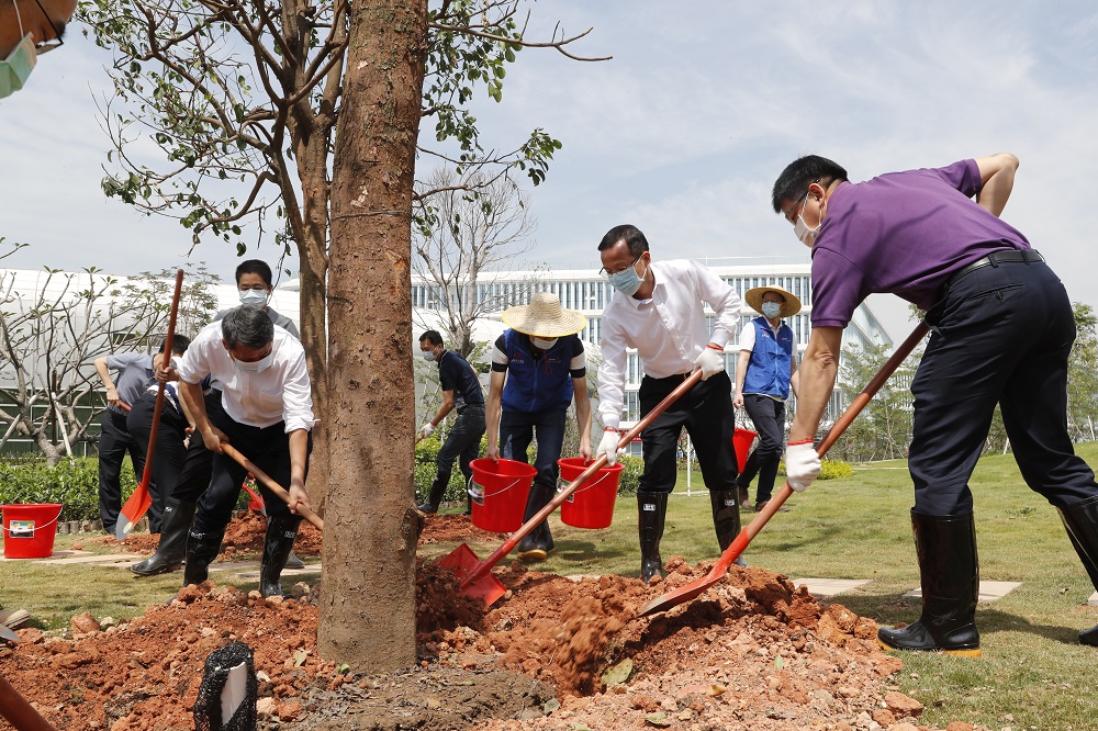 【香港商報網訊】記者 冷運軍 報導:植樹添新綠,造林正當時。4月30日上午,廣東省東莞市濱海灣新區舉行義務植樹活動,以實際行動為新區添新綠、增顏值,積極構建「一廊三綠心三水系」生態格局。
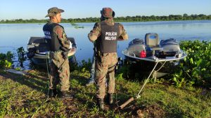 Campo Grande (MS) – Durante fiscalização hoje (23) pela madrugada no rio Paraguai, próximo à foz do rio Apa no município de Porto Murtinho, Policiais Militares Ambientais de Porto Murtinho e Campo Grande, que trabalham na operação Hórus, prenderam dois pescadores amadores, praticando pesca com petrechos proibidos.
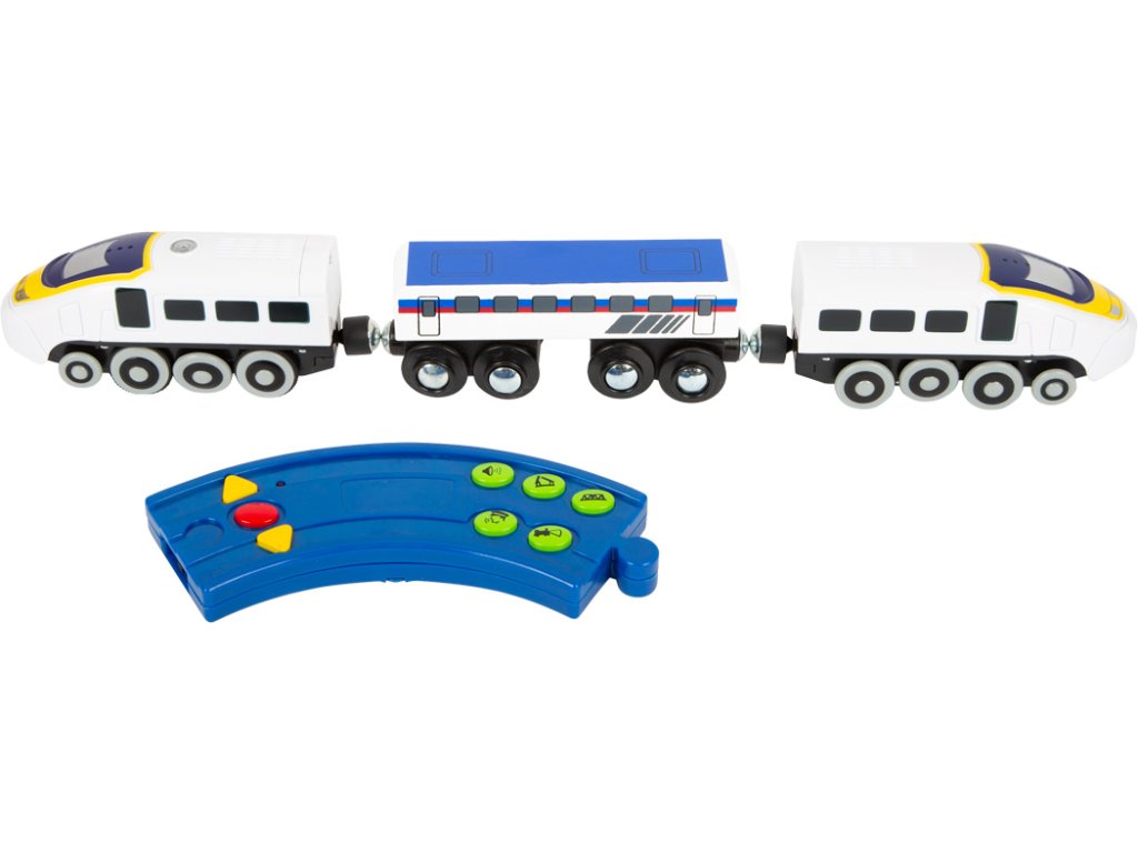 Moderní lokomotiva z plastu a dřevěného vagónku s dálkovým ovládáním, má celkem 8 funkcí. Lokomotivu můžete ovládat do dvou směrů, po stisknutí tlačítka vydává zvuky(hlášení z reproduktoru, signál brány, píšťalka průvodčího, zvuky jízdy, přejezd přes most), dokonce můžete zapnout i světla. Skvělý doplněk k oblíbené dřevěné vláčkodráze. Vláček je kompatibilní se všemi běžnými značkami vláčkodráh jako je Bigjigs, Maxim, Brio, Woody, Bino, Tomáš, Tesco, Ikea a další. Baterie mašinky 3xAAA a 2xAA ovladače nejsou součástí balení. Hlavní vlastnosti: kompatibilní se všemi běžnými značkami vláčkodráhhračka se zvukem a světlem8 funkcí
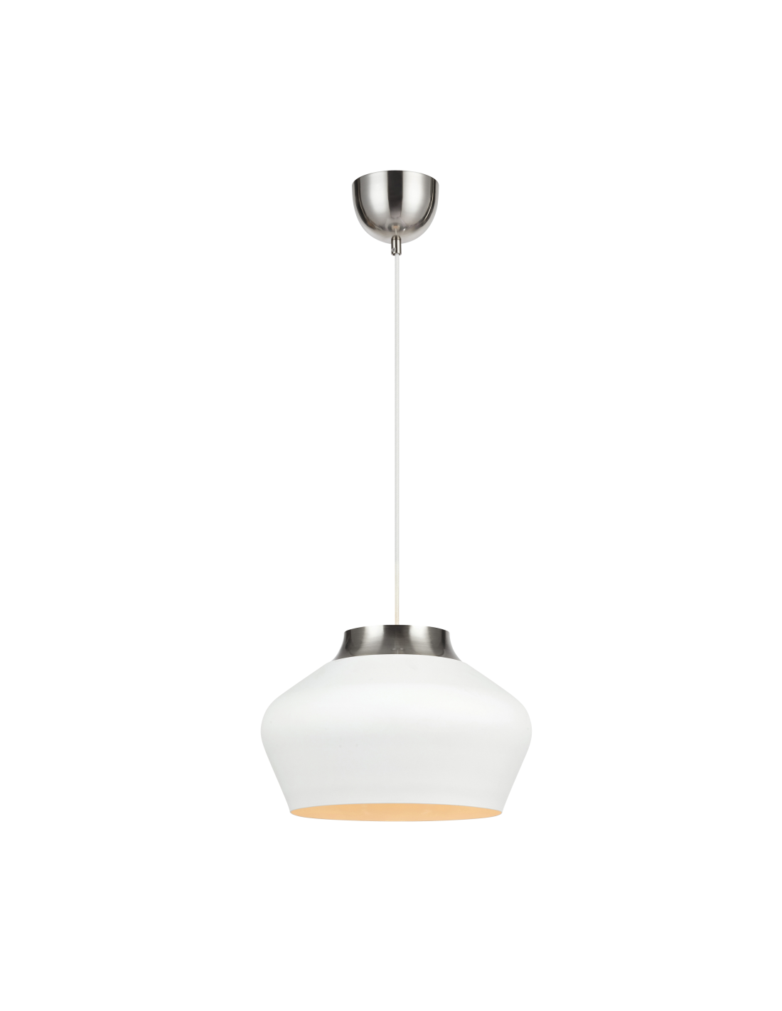 La suspension Kom est en métal blanc et chromé.
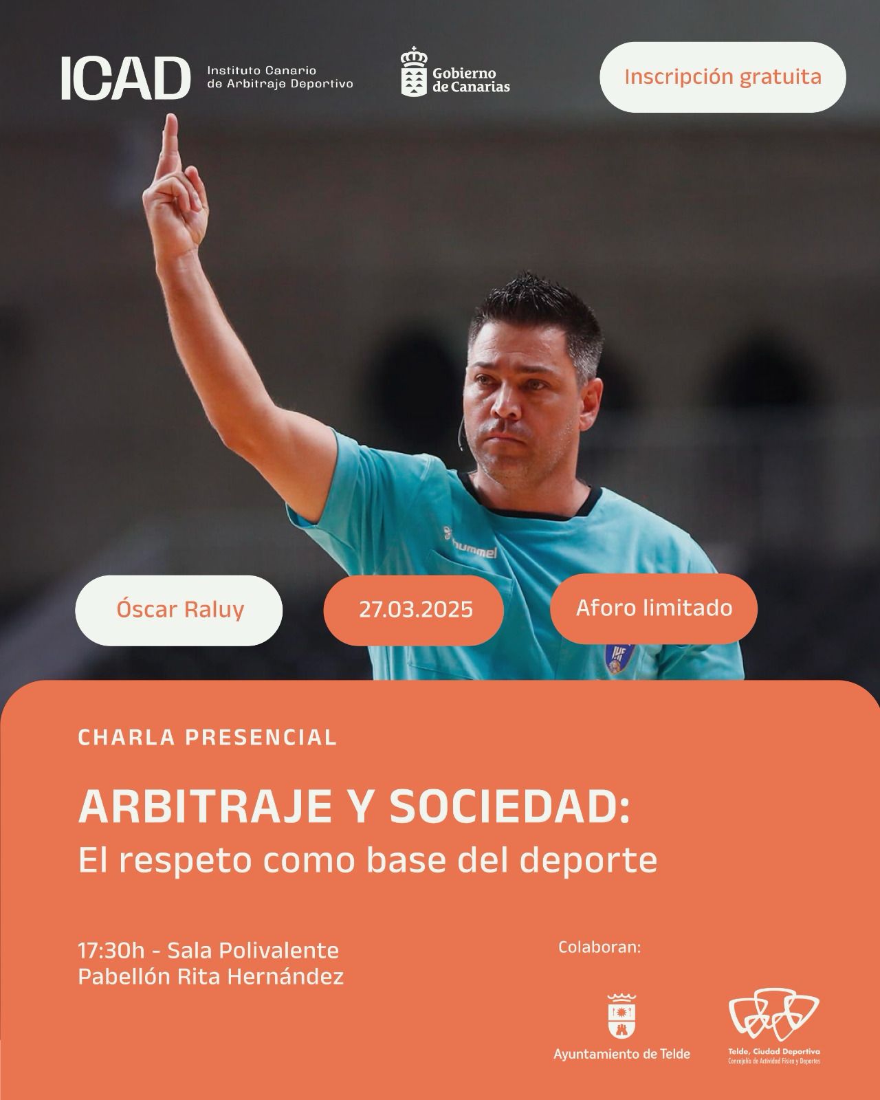 Además de con con la colaboración de la Concejalía de Actividad Física y Deportes del Ayuntamiento de Telde, que dirige Cristhian Santana Caballero, esta actividad contará con la participación del teldense Óscar Raluy, ex árbitro profesional con amplia experiencia y actual miembro del Comité de Expertos del ICAD, quien abordará temas como La realidad del colectivo arbitral: retos y dificultades y Estrategias para fomentar el respeto en entornos deportivo.
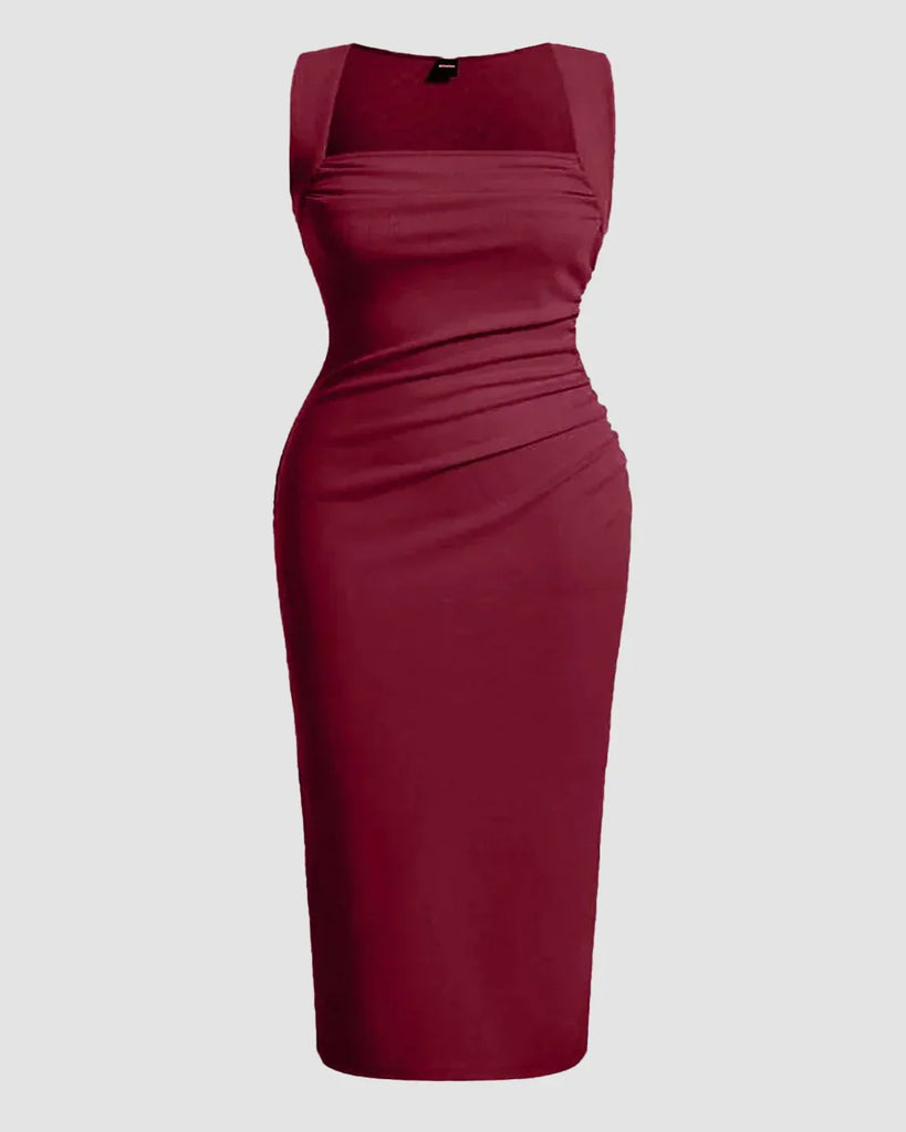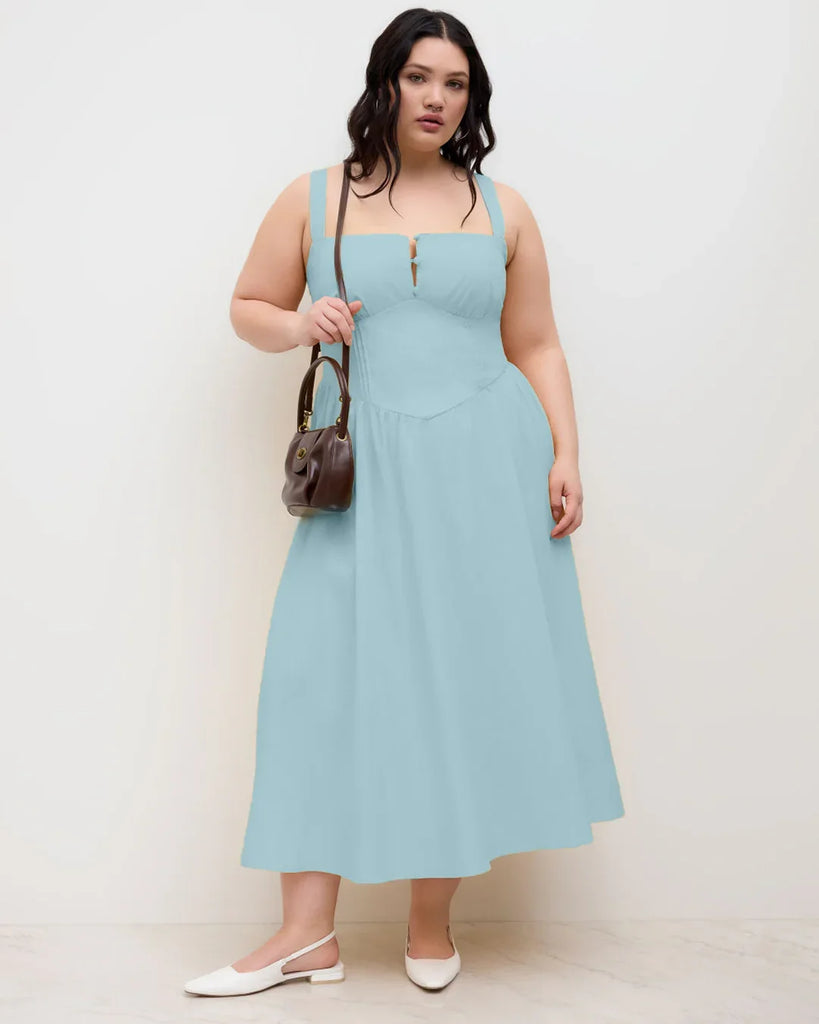 Square Neck Bow Detail Sleeveless Midi Dress Curve & Plus

....

All of the data above should be printed again exactly, though none of the pictures belong in the copy.

→ **RESULT OF THE TASK**:
 【香港商報網訊】記者 冷運軍 報導:植樹添新綠,造林正當時。4月30日上午,廣東省東莞市濱海灣新區舉行義務植樹活動,以實際行動為新區添新綠、增顏值,積極構建「一廊三綠心三水系」生態格局。
 Campo Grande (MS) – Durante fiscalização hoje (23) pela madrugada no rio Paraguai, próximo à foz do rio Apa no município de Porto Murtinho, Policiais Militares Ambientais de Porto Murtinho e Campo Grande, que trabalham na operação Hórus, prenderam dois pescadores amadores, praticando pesca com petrechos proibidos.
 Moderní lokomotiva z plastu a dřevěného vagónku s dálkovým ovládáním, má celkem 8 funkcí. Lokomotivu můžete ovládat do dvou směrů, po stisknutí tlačítka vydává zvuky(hlášení z reproduktoru, signál brány, píšťalka průvodčího, zvuky jízdy, přejezd přes most), dokonce můžete zapnout i světla. Skvělý doplněk k oblíbené dřevěné vláčkodráze. Vláček je kompatibilní se všemi běžnými značkami vláčkodráh jako je Bigjigs, Maxim, Brio, Woody, Bino, Tomáš, Tesco, Ikea a další. Baterie mašinky 3xAAA a 2xAA ovladače nejsou součástí balení. Hlavní vlastnosti: kompatibilní se všemi běžnými značkami vláčkodráhhračka se zvukem a světlem8 funkcí
 La suspension Kom est en métal blanc et chromé.
 Además de con con la colaboración de la Concejalía de Actividad Física y Deportes del Ayuntamiento de Telde, que dirige Cristhian Santana Caballero, esta actividad contará con la participación del teldense Óscar Raluy, ex árbitro profesional con amplia experiencia y actual miembro del Comité de Expertos del ICAD, quien abordará temas como La realidad del colectivo arbitral: retos y dificultades y Estrategias para fomentar el respeto en entornos deportivo.
 Square Neck Bow Detail Sleeveless Midi Dress Curve & Plus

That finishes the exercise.